Simple and fast histogramming in Python accelerated with OpenMP (with help from pybind11).

pygram11 provides fast functions for calculating histograms (and the variance in each bin). The API is very simple; documentation can be found here (you'll also find some benchmarks there).

Installing

Using pygram11 only requires NumPy. To build and install from source you'll just need a compiler with support for C++11 and OpenMP.

From PyPI

Binary wheels are provided for Linux and macOS. They can be installed from PyPI via pip.

pip install pygram11

From conda-forge

For installation via the conda package manager pygram11 is part of conda-forge.
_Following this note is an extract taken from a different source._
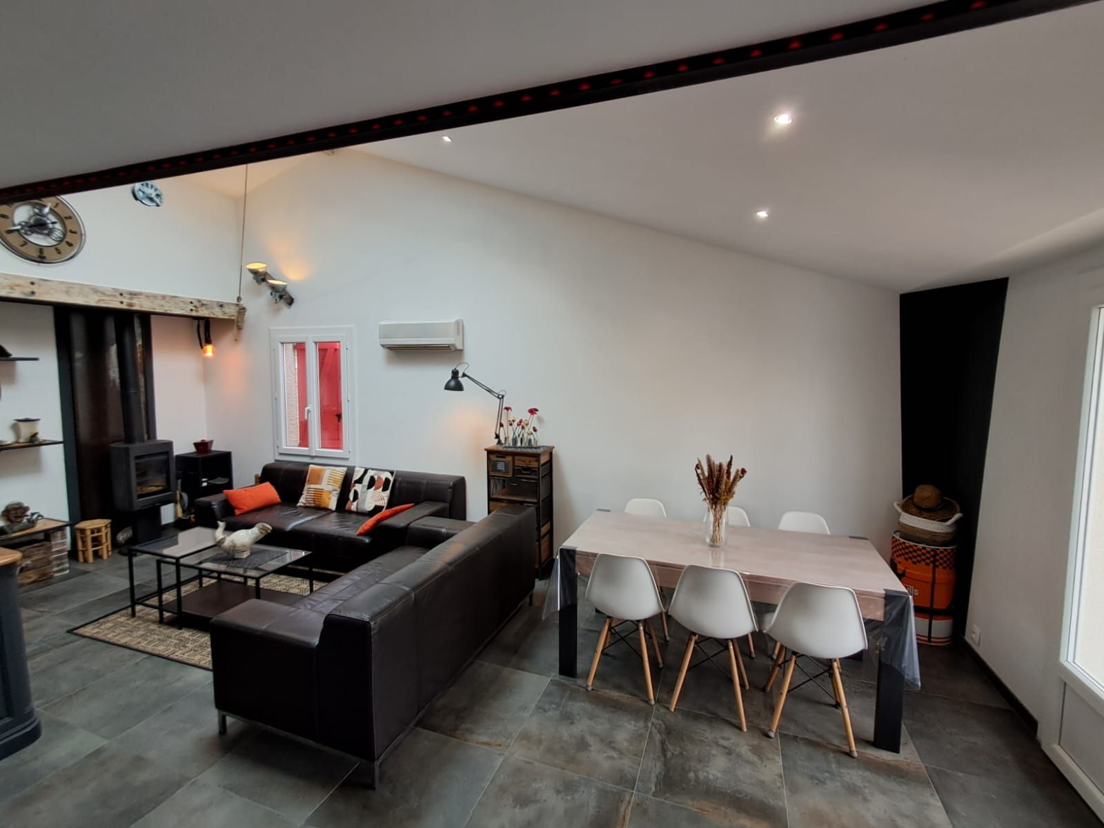 Inside, you will find a large open-plan living area with:

conda install pygram11 -c conda-forge

Please note that on macOS the OpenMP libraries from LLVM (libomp) and Intel (libiomp) may clash if your conda environment includes the Intel Math Kernel Library (MKL) package distributed by Anaconda. You may need to install the nomkl package to prevent the clash (Intel MKL accelerates many linear algebra operations, but does not impact pygram11):

conda install nomkl ## sometimes necessary fix (macOS only)

From Source

All you need is a C++11 compiler and OpenMP. If you are using a relatively modern GCC release on Linux then you probably don't have to worry about the OpenMP dependency. If you are on macOS, you can install libomp from Homebrew. With those dependencies met, simply run:

pip install git+https://github.com/douglasdavis/pygram11.git@master

In Action

A histogram (with fixed bin width) of weighted data in one dimension:

>>> x = np.random.randn(10000)
>>> w = np.random.uniform(0.8, 1.2, 10000)
>>> h, err = pygram11.histogram(x, bins=40, range=(-4, 4), weights=w)
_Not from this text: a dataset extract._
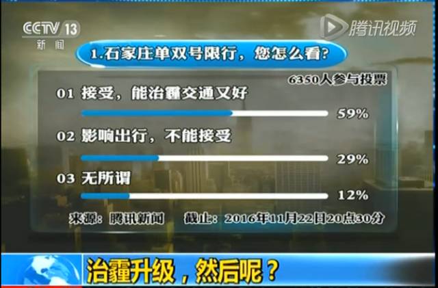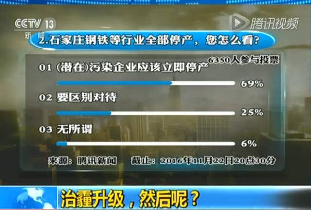 中央電視臺(tái)新聞1+1 :治霾升級(jí),然后呢!發(fā)表時(shí)間:2016-11-29 10:34 11月17日,石家莊推出史上最強(qiáng)治污措施——從2016年11月17日~12月31日,鋼鐵等7大行業(yè)全部停產(chǎn),主城區(qū)實(shí)行機(jī)動(dòng)車(chē)單雙號(hào)限行,各單位錯(cuò)時(shí)上下班。 那么,問(wèn)題來(lái)了, 石家莊七大行業(yè)的企業(yè)到底停了沒(méi)有? 企業(yè)停產(chǎn)后,工人工資怎么發(fā)? 關(guān)于停產(chǎn)限行,群眾有哪些聲音? 看完下面的視頻您或許就有答案了: 新聞1+1 治霾升級(jí),然后呢? 解說(shuō):鋼鐵、火電、化工、制藥、水泥、玻璃、陶瓷、鈣鎂,石家莊決戰(zhàn)45天,近千家企業(yè)最大限度關(guān)停限產(chǎn)。 靈壽冀 東水泥有限責(zé)任公司環(huán)保部部長(zhǎng) 李可:停產(chǎn)準(zhǔn)備一般是大概3到4小時(shí)之內(nèi),我們要把生產(chǎn)線(xiàn)全部停下來(lái)。 2016年11月17日新聞: 采取超常措施,狠抓落實(shí),敢于出手,敢于亮劍,嚴(yán)防死守,決戰(zhàn)45天,確保大氣污染治理取得明顯好轉(zhuǎn)。 解說(shuō):完成指標(biāo),超常措施,全力以赴?!缎侣?+1》今日關(guān)注:治霾升級(jí),然后呢? 評(píng)論員 白巖松:您好觀(guān)眾朋友,歡迎收看正在直播的《新聞1+1》。 今天節(jié)目一開(kāi)始,咱們先來(lái)關(guān)注石家莊今天的PM2.5,有點(diǎn)奇怪是嗎,咱們先說(shuō),來(lái)先關(guān)注它的PM2.5,然后再揭曉答案,為什么要關(guān)注它。我們看今天石家莊PM2.5,中午一點(diǎn)鐘的時(shí)候,PM2.5的指數(shù)是66,這對(duì)于一個(gè)經(jīng)常處于大氣污染狀態(tài)的城市來(lái)說(shuō),這66已經(jīng)是相當(dāng)不錯(cuò)的數(shù)據(jù)了,所以你看石家莊人民已經(jīng)開(kāi)始曬藍(lán)天了。尤其拿前面這個(gè)小紅果來(lái)當(dāng)一個(gè)前景的話(huà),這藍(lán)天顯得格外的漂亮。 為什么要去關(guān)注它呢,因?yàn)閺纳闲瞧陂_(kāi)始,也就是從17號(hào)開(kāi)始做出決定,石家莊實(shí)施了史上以來(lái)最嚴(yán)厲的來(lái)治理大氣污染的一種行動(dòng),為什么要說(shuō)最嚴(yán)厲呢?從17號(hào)開(kāi)始做出決定,一直到今年的12月31號(hào),也就是說(shuō)到年底,全面實(shí)行機(jī)動(dòng)車(chē)單雙號(hào)的限行,同時(shí)像鋼鐵、水泥等等一些企業(yè)近千家,都要接到通知,三個(gè)小時(shí)后就停產(chǎn)。其實(shí)不僅石家莊,我們?cè)賮?lái)看看今天蘭州的PM2.5,看著有點(diǎn)灰,但其實(shí)71也還算不錯(cuò)了,蘭州也實(shí)行了進(jìn)來(lái)比較嚴(yán)厲的單雙號(hào)的限行。為什么這些城市開(kāi)始實(shí)施了日?;臉O其嚴(yán)厲的這樣一種治霾的措施,是否意味著由過(guò)去治霾我們付出小的代價(jià),取得小的成果,全面向現(xiàn)在付出大的代價(jià),要取得大的成果這樣的一個(gè)階段來(lái)轉(zhuǎn)變呢,來(lái),我們一起從石家莊開(kāi)始觀(guān)察。 解說(shuō):“枝枝紅豆俏寒冬”、“美麗的天氣,就是太冷了”,今天的石家莊,大風(fēng)降溫帶來(lái)了一個(gè)難得的好天氣。很多人在自己的朋友圈,紛紛記錄下這個(gè)城市的藍(lán)天。58,這是截止到今天下午六點(diǎn),石家莊PM2.5的平均指數(shù)。 石家莊市民:今天感覺(jué)出來(lái)空氣好多了,感覺(jué)石家莊市做得限行限號(hào)挺管用。 解說(shuō):今天,在石家莊的路面上奔跑的汽車(chē),尾號(hào)均是雙號(hào),石家莊市所有的變化,均來(lái)源于11月17日晚,石家莊市緊急公布的治污方案。方案中稱(chēng),從11月17日到今年年底,石家莊市主城區(qū)實(shí)行機(jī)動(dòng)車(chē)單雙號(hào)限行,限行期間城市公交車(chē)免費(fèi)乘坐,石家莊全市所有行政性機(jī)關(guān)及事業(yè)單位,實(shí)行“朝九晚五”錯(cuò)時(shí)上下班制度。 石家莊市私家車(chē)主:限號(hào)麻煩死了。 記者:怎么個(gè)麻煩。 私家車(chē)主:天天你讓我怎么辦,原來(lái)限2 5好說(shuō)我怎么著停一天就行了,現(xiàn)在我一天一天,天天坐公交車(chē),我這特別遠(yuǎn),上班不方便。 石家莊市私家車(chē)主:我覺(jué)得挺好的,然后市里面也不堵了,空氣還好了。 解說(shuō):除了車(chē)輛限號(hào),石家莊市區(qū)除承擔(dān)居民供暖和保民生等重點(diǎn)任務(wù)的生產(chǎn)線(xiàn)外,全市所有鋼鐵、水泥、焦化、鑄造、玻璃、陶瓷、鈣鎂等7大行業(yè),全部停產(chǎn)。 靈壽冀東水泥有限責(zé)任公司環(huán)保部部長(zhǎng) 李可:按照預(yù)案指令通知相關(guān)部門(mén)進(jìn)行各工序的停產(chǎn)準(zhǔn)備,一般是大概3到4小時(shí)之內(nèi),我們要把生產(chǎn)線(xiàn)全部停下來(lái)。 解說(shuō):石家莊的這家水泥企業(yè),日生產(chǎn)水泥量大約在4500噸,現(xiàn)在生產(chǎn)線(xiàn)已經(jīng)停止運(yùn)轉(zhuǎn),除了相應(yīng)的值班人員留守外,其他員工已全部放假,放假員工的工資,也將按照不低于河北省最低生活標(biāo)準(zhǔn)予以發(fā)放。 李可:如果我們正常生產(chǎn)的話(huà),我們大概停產(chǎn)是一天損失是100多萬(wàn)。雖然說(shuō)是企業(yè)損失了點(diǎn)利潤(rùn),但是為了咱們河北省的天氣狀況,企業(yè)也應(yīng)該盡到相應(yīng)的社會(huì)責(zé)任。 解說(shuō):除了各種措施之外,石家莊市出臺(tái)的這份緊急治污方案還提到一個(gè)明確的目標(bi

A histogram with fixed bin width which saves the under and overflow in the first and last bins:

>>> x = np.random.randn(1000000)
>>> h, err = pygram11.histogram(x, bins=20, range=(-3, 3), flow=True)
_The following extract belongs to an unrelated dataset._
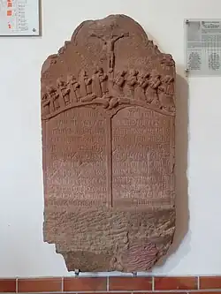 Zwei Grabsteine aus rotem Sandstein flankieren das Portal an der westlichen Giebelseite und stehen unter der zweiseitigen Außentreppe. Der linke Grabstein für Pfarrer Johann Georg Weiß (Albinus) datiert von 1708 und ist 1,47 Meter hoch und 0,73 Meter breit. Zwei Engel, die die Lebenskrone halten, sind über der ovalen Fläche mit Inschrift angebracht, die von Akanthusranken flankiert wird. Die rechte Grabplatte für den 1768 verstorbenen Konrad Schmand ist 1,35 Meter hoch und 0,82 Meter breit. Die Vorderseite trägt im oberen Drittel in der Mitte Kreuz und Korpus, dem links vier männliche und rechts fünf weibliche Figuren mit gefalteten Händen zugewandt sind, offensichtlich die Nachkommen. Die Rückseite trägt in der Mitte, unter dem Pinienzapfen und dem 0,26 Meter hohen Schwung, die Lebenskrone. Links und rechts davon sind, etwas unterhalb, zwei Engel gemeißelt. Im Chorraum der Kirche steht ein Grabstein für Ottmar und Loisa Dentzer, die beide im Jahr 1676 starben. Er ist 1,34 Meter hoch und 0,68 Meter breit. Über der zweispaltigen Inschrift ist Christus am Kreuz dargestellt. Ihm betend zugewandt und nach Größe gestaffelt sind links sechs männliche und rechts fünf weibliche Personen zu sehen. Offenbar werden der Vater mit den Söhnen und die Mutter mit den Töchtern dargestellt.[17]

A histogram in two dimensions with variable width bins:

>>> x = np.random.randn(10000)
>>> y = np.random.randn(10000)
>>> xbins = [-2.0, -1.0, -0.5, 1.5, 2.0]
>>> ybins = [-3.0, -1.5, -0.1, 0.8, 2.0]
>>> h, err = pygram11.histogram2d(x, y, bins=[xbins, ybins])

Histogramming multiple weight variations for the same data, then putting the result in a DataFrame (the input pandas DataFrame will be interpreted as a NumPy array):

>>> weights = pd.DataFrame({"weight_a" : np.abs(np.random.randn(10000)),
...                         "weight_b" : np.random.uniform(0.5, 0.8, 10000),
...                         "weight_c" : np.random.rand(10000)})
>>> data = np.random.randn(10000)
>>> count, err = pygram11.histogram(data, bins=20, range=(-3, 3), weights=weights, flow=True)
>>> count_df = pd.DataFrame(count, columns=weights.columns)
>>> err_df = pd.DataFrame(err, columns=weights.columns)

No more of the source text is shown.